◆ How to complete this task ◆
Beginning with the line that holds "wydaje się nie" and finishing with the line that holds "剛剛去完啟德睇完足球比賽,首", repeat the listing exactly, leaving every picture out.
Given entries Block Start
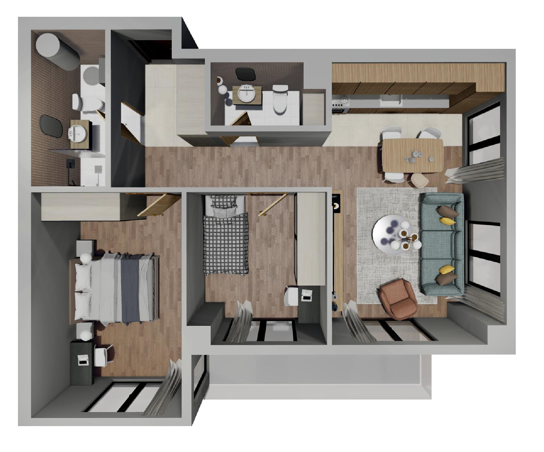 Стан бр. 1.03 Влезен хол 5.88 m² Кујна и трпезарија 5.08 m² Дневен престој 18.48 m² Тоалет 2.55 m² Бања 4.56 m² Спална соба 14.26 m² Спална соба 7.24 m² Тераса 8.81 m² вкупна квадратура 66.25 m² Резервирај термин Резервирај термин
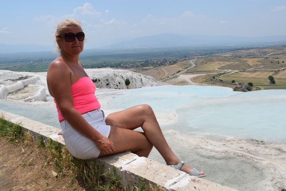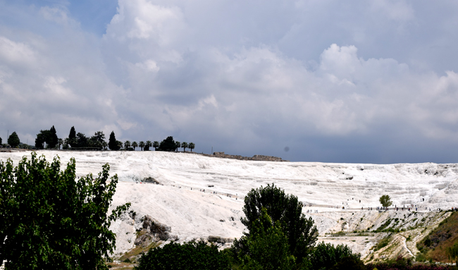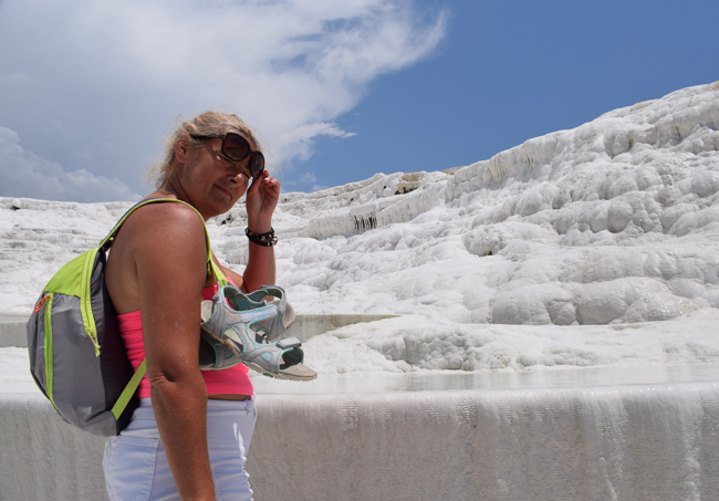 wydaje się nie do zniesienia. Wrażenie gorąca powiększa fakt, że cały masyw Pamukkale jest tak jasny, że wygląda jakby był usypany z soli. Albo ze śniegu.
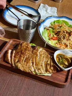 剛剛去完啟德睇完足球比賽,首選就係去九龍城食泰國菜九龍城很多泰國菜餐廳,其中一間從來未試過,見門口比較上新,所以特別去試一試結果係冇選擇錯,每樣食物都好有風味,感覺就在泰國食一樣(除咗炒河粉,用了本地的河粉)先講西冷扒,$268 絕對超值,好有牛味佢哋嘅燒雞翼,冇雪味,好好食泰式乾炒炒雞河,好有風味炒金邊粉,同泰國食差唔多兩個炒菜都好爽口生蝦刺身雖然那個醬汁不是綠色,仍然好味其他例如木瓜沙律同埋燒豬頸肉都好好味
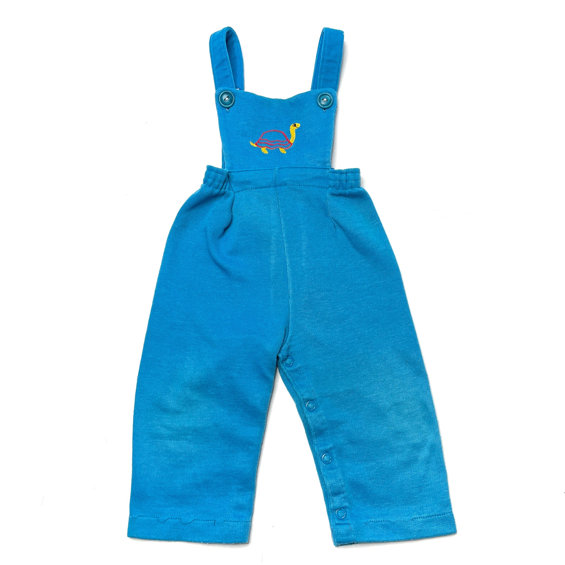 Turtle Embroidery Cerulean Blue Overalls 12-18M
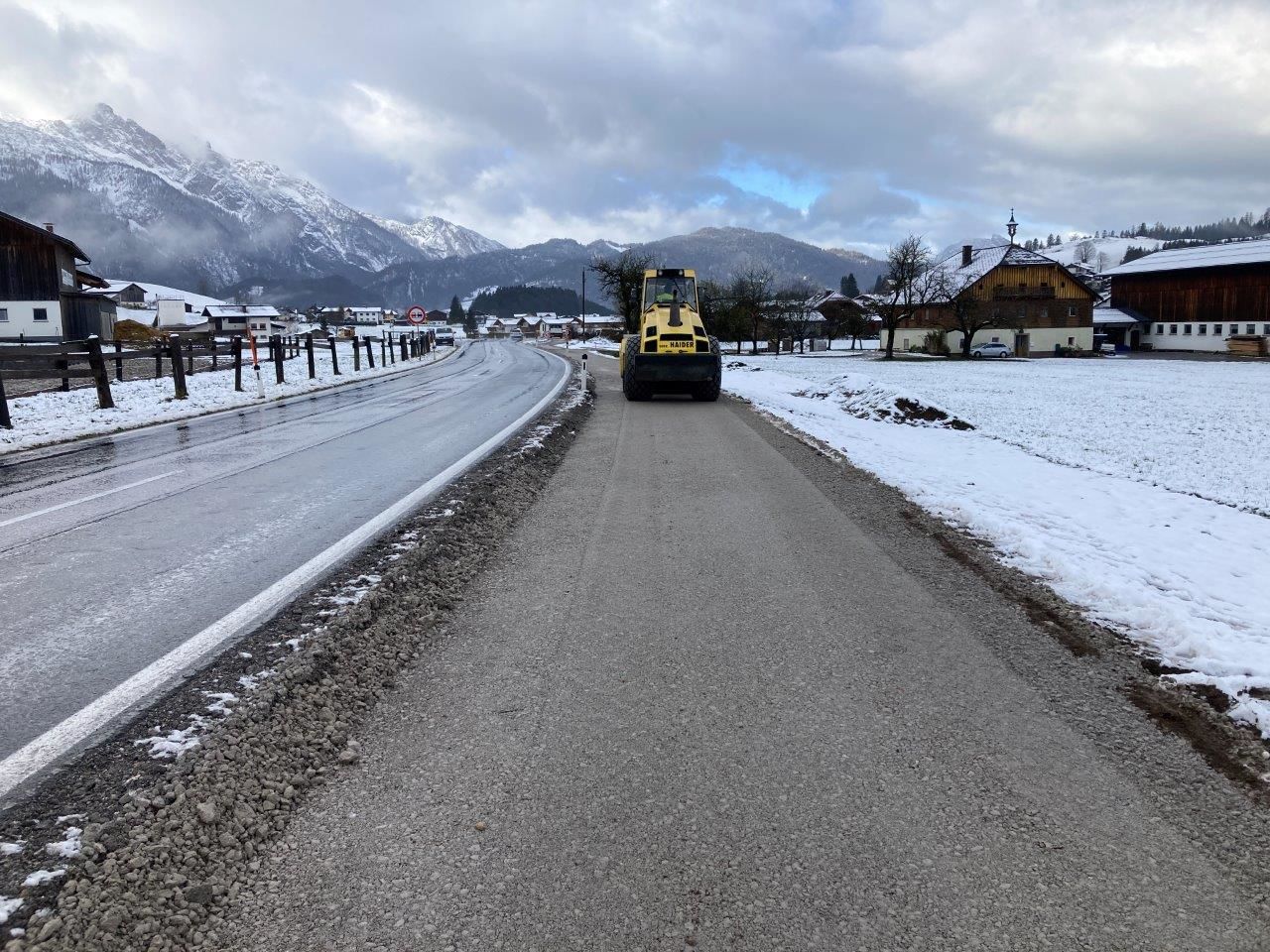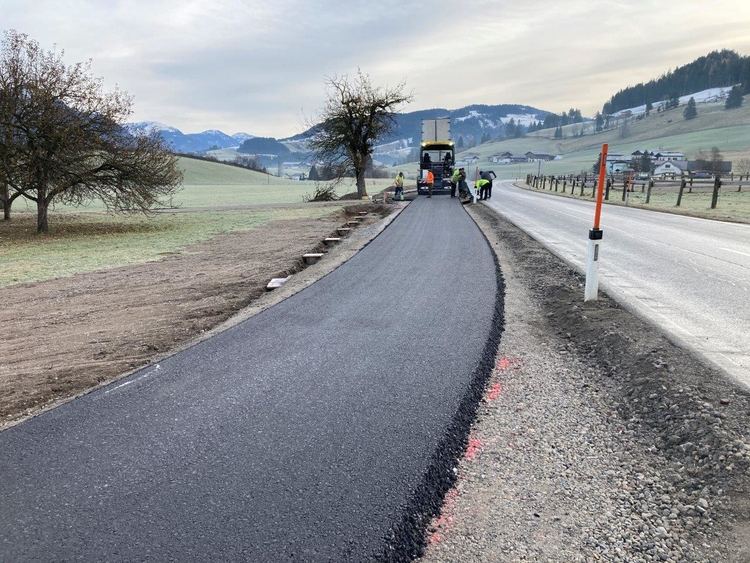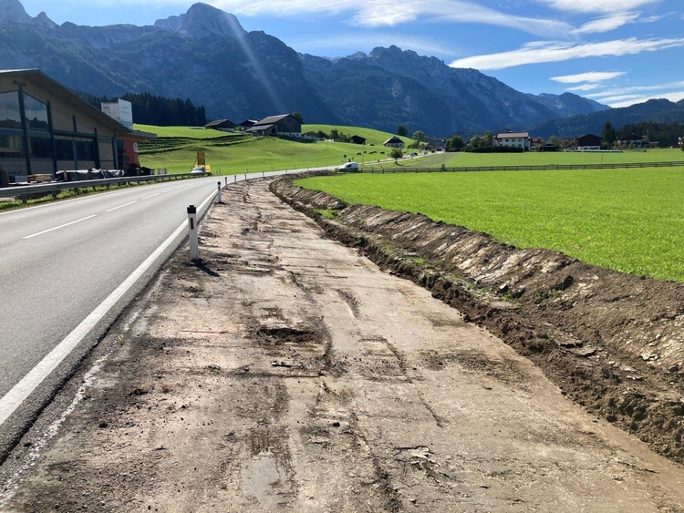 Die Bauarbeiten umfassen die Errichtung eines Geh- und Radweges, Errichtung eines Linksabbiegers, Sanierung von Teilen der Fahrbahn, die Herstellung eines Parkplatzes, Entwässerungsarbeiten, Kabelgrabungsarbeiten sowie die Fundamentherstellung für Wechselverkehrszeichen im Baubereich.
Given entries Block End
◆ Task result ◆
 wydaje się nie do zniesienia. Wrażenie gorąca powiększa fakt, że cały masyw Pamukkale jest tak jasny, że wygląda jakby był usypany z soli. Albo ze śniegu.
 剛剛去完啟德睇完足球比賽,首選就係去九龍城食泰國菜九龍城很多泰國菜餐廳,其中一間從來未試過,見門口比較上新,所以特別去試一試結果係冇選擇錯,每樣食物都好有風味,感覺就在泰國食一樣(除咗炒河粉,用了本地的河粉)先講西冷扒,$268 絕對超值,好有牛味佢哋嘅燒雞翼,冇雪味,好好食泰式乾炒炒雞河,好有風味炒金邊粉,同泰國食差唔多兩個炒菜都好爽口生蝦刺身雖然那個醬汁不是綠色,仍然好味其他例如木瓜沙律同埋燒豬頸肉都好好味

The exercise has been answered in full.